Hematopoietic stem cell transplantation: indications, types of transplantations, 132 donor selection

   Hematopoietic stem cell transplantation is a technology for the treatment of a wide range of oncological, hematological and a number of congenital diseases.

   The history of the use of bone marrow for medicinal purposes dates back more than 120 years.

   In 1891, 2 French doctors - Charles Brown-Séquard and Jacques D'Arsonval - gave the patient oral bone marrow to treat leukemias, naturally, without success. Approximately 50 years later, the first mention of intraosseous and intravenous injections of the bone marrow substrate appeared. Even then, a hypothesis was formulated that the patient's own immune system does not allow engraftment of donor cells. A very important discovery was made by Egon Lorenz in 1951, when it was first demonstrated that after irradiating mice with ionizing radiation and injecting them with bone marrow from other mice from the same litter, new bone marrow could take root and function. Naturally, it was difficult to prove the donor affiliation of a new hematopoiesis in the absence of knowledge about specific genetic markers, but the logic of the assumptions was built correctly.

   For the first time in modern history, bone marrow was transplanted to a patient by Edward Thomas at the Fred Hutchinson Cancer Research Center (USA) in 1957, and in 1958 Jean Dosset presented data on the existence of a human leukocyte antigen system (HLA system), which formed the basis further development of technology.

   The beginning of the modern era of transplantation is considered to be 1968, when Robert Good at the University Hospital of Minnesota (USA) performed the first bone marrow transplantation in a boy with primary immunodeficiency after selecting a related donor based on HLA typing data.

   Improving knowledge and development of new technologies in the field of genetics and cell engineering, combined with progress in the development of the latest, including targeted, drugs, are currently an argument for fundamentally new views on hematopoietic stem cell transplantation. Cell technologies are actively developing, certain successes have been achieved in the field of gene therapy. All this allows us to take a fresh look at some complex diseases, giving an objective chance for recovery to previously incurable patients.
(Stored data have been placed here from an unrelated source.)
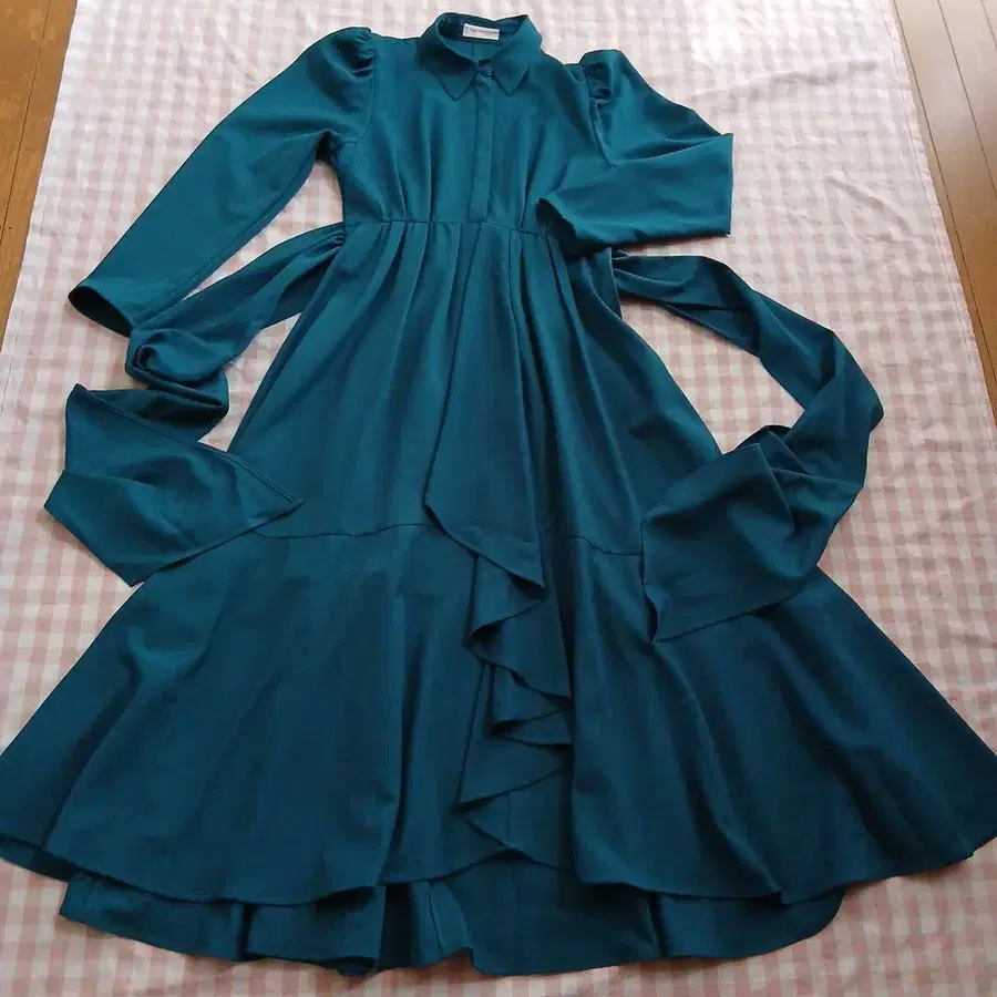 • 새상품 L 플리츠 원피스 롱 네이비 겨울 포멀 셔츠 동창회
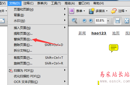 3、點擊了文檔的菜單之后,彈出了下拉菜單選中為 替換頁面 的選項。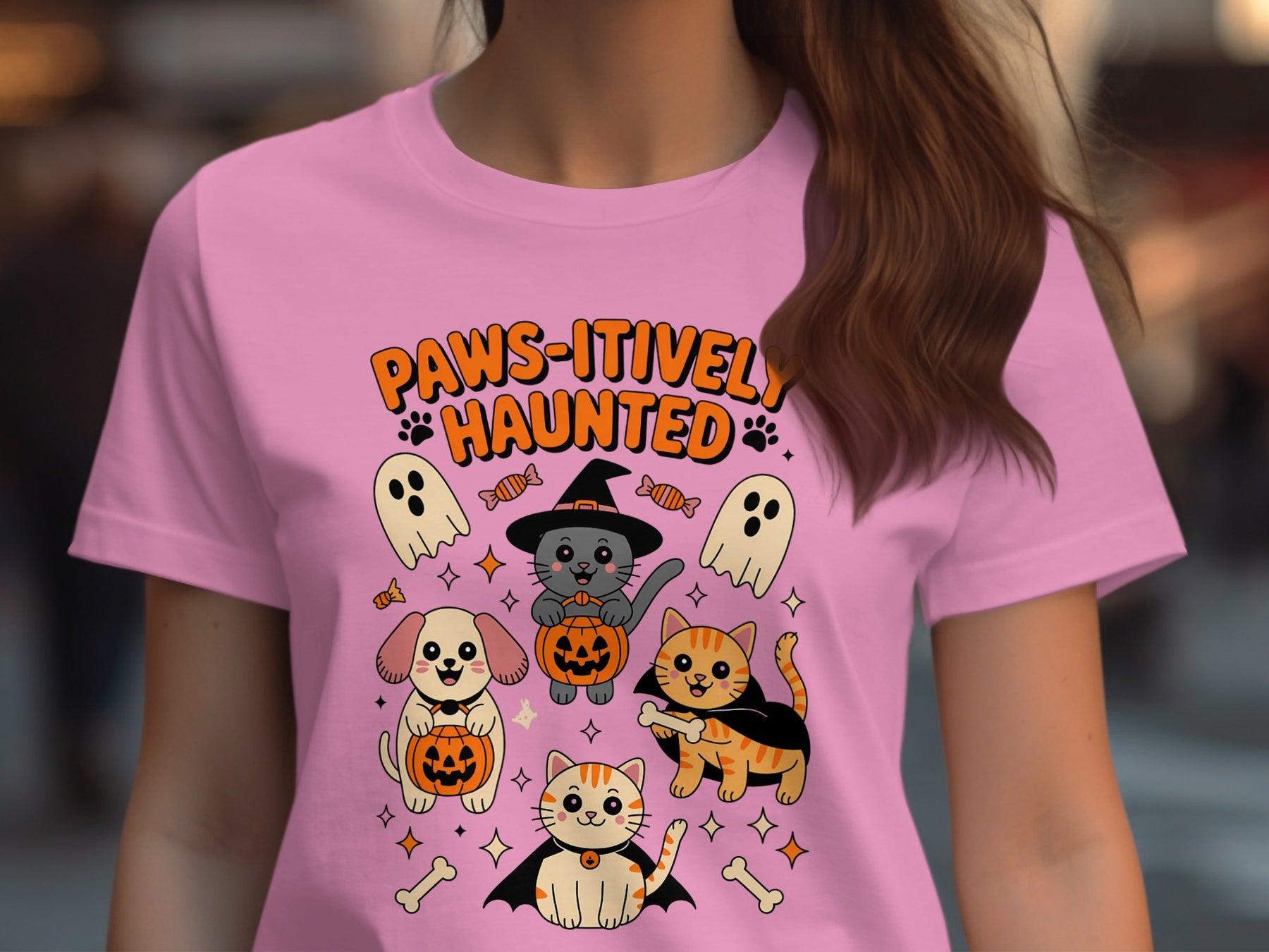 Halloween T-Shirt for Women with paw-some spooky charm: cuddly cats and a happy pup pose with jack-o’-lanterns, candy and friendly ghosts under a “Paws-itively Haunted” banner.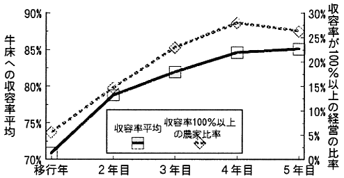 図-1 FS牛舎導入後の牛床への乳牛収容率の推移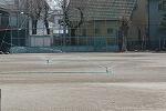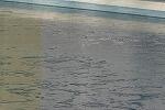学校のプールでは、低気温の日が続いた結果、水面が初めて凍結していました。

   Now in the Russian Federation, hematopoietic stem cell transplantation is carried out in 8 transplant centers. In addition, construction is underway and it is planned to open at least 5 new regional clinics, in the structure of which transplantation activity is also planned.

   One of the fundamental differences between hematopoietic stem cell transplantation and many other medical technologies is the need for a long period of observation and treatment, a significant part of which should be carried out on an outpatient basis at the place of residence. Most of the problems that arise with patients at this stage can be solved by hematologists, oncologists, pediatricians or other specialists. However, in order to effectively identify and make timely and correct decisions, the doctor
often there is a lack of knowledge about the features of the technology and purely post-transplant clinical problems that need to be addressed.
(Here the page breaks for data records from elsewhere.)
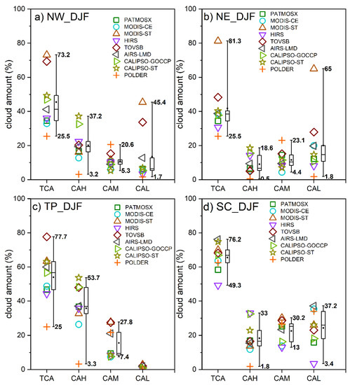 Averaged winter total cloud amount (TCA), high-level cloud amount (CAH), mid-level cloud amount (CAM), and low-level cloud amount (CAL) at 13:30 local time across different satellite datasets over four subregions of China: (a) NW region; (b) NE region; (c) TP region; and (d) SC region (unit: %), with symbols marked for different datasets. The box–whisker plot shows the maximum, minimum, upper quartile, lower quartile, and median for all datasets, and the black dots represent the algorithm mean. The specific values of the maximum and minimum values are also marked on the box–whisker plot.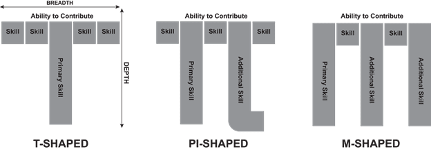 Talent development needs become increasingly important. People with multiple skills become more valuable to the team and organization. Some refer to this as moving from being an I-shaped individual (skilled in one area or discipline such as quality assurance) to becoming T-shaped (a depth of skill in one area, but able to contribute in others), then PI-shaped or even M-shaped (multiple areas of deep skill).
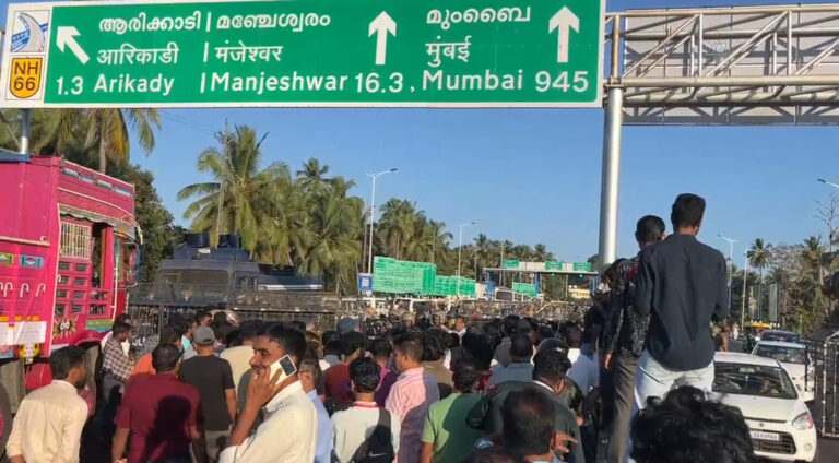 ಮಂಗಳೂರು: ಮಂಗಳೂರು–ಕಾಸರಗೋಡು ಗಡಿ ಭಾಗದಲ್ಲಿರುವ ಕುಂಬಳೆಯ ಆರಿಕ್ಕಾಡಿಯಲ್ಲಿ ಟೋಲ್ಗೇಟ್ ನಿರ್ಮಿಸಲು ಮುಂದಾಗಿರುವ ಸರ್ಕಾರದ ಕ್ರಮವನ್ನು ವಿರೋಧಿಸಿ ನಡೆಯುತ್ತಿರುವ ಪ್ರತಿಭಟನೆ ತೀವ್ರಗೊಂಡ ಘಟನೆ ಜ.14 ರಂದು ನಡೆದಿದೆ.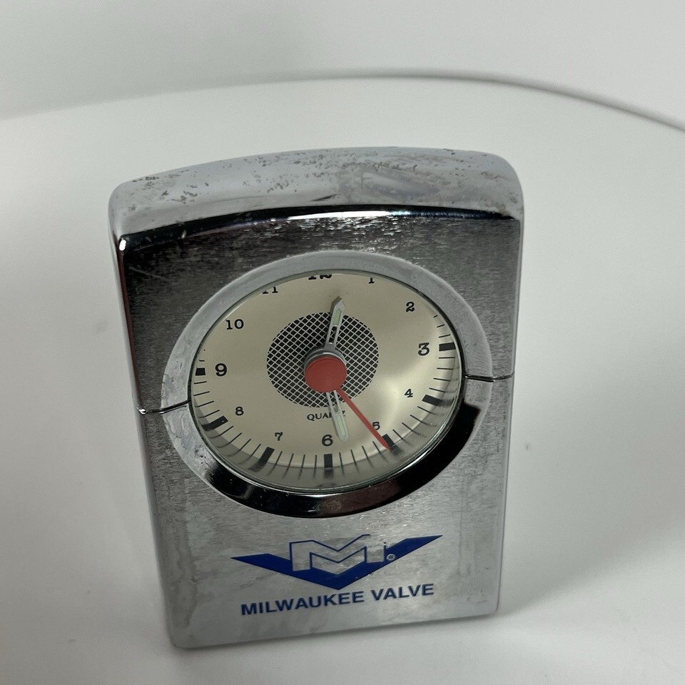 - Vintage Milwaukee Valve Desk Clock Small Stainless Logo New Battery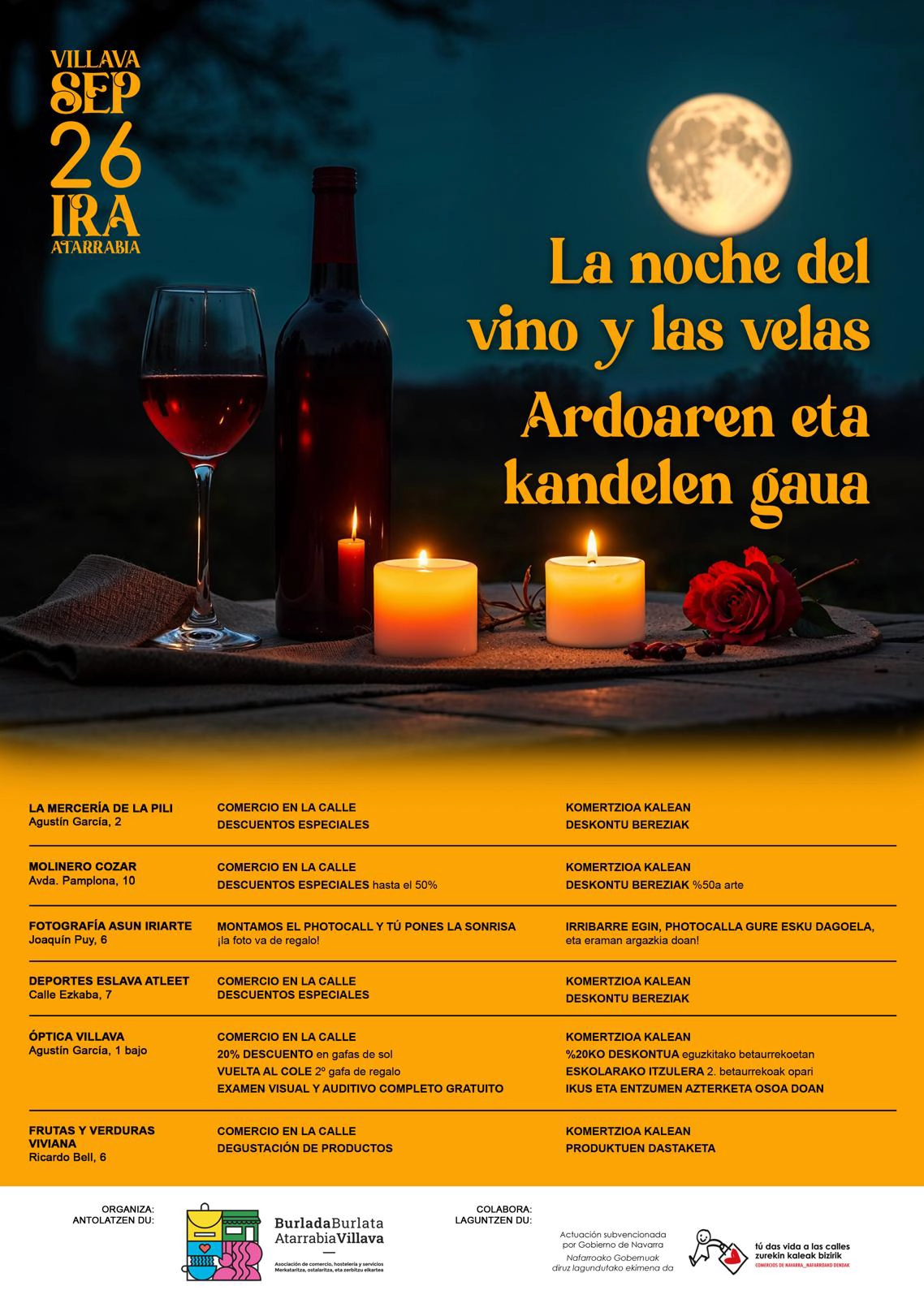 La campaña “La Noche del Vino y las Velas” cuenta con la colaboración del Gobierno de Navarra y el Ayuntamiento de Burlada dentro de sus líneas de apoyo al comercio local.

   In this issue of the journal, we begin the column "School of Transplantation and Cellular Therapy". Here we plan to introduce you to transplantation, from the basics of technology to the analysis of certain topical clinical issues. FROM Taking into account the existing development vector of this method, we will also pay special attention to the modern view of cell therapy in the treatment of certain diseases, as well as a number of conditions where this technology already has a competitive advantage over pharmacotherapy. We very much hope that the information that we plan to share will be useful for a wide range of specialists.

   The first issue of the rubric is devoted to introductory issues of hematopoietic stem cell transplantation. We will talk about the indications, touch on the problem of histocompatibility and dwell on the fundamental issues of choosing the optimal pair donor-recipient.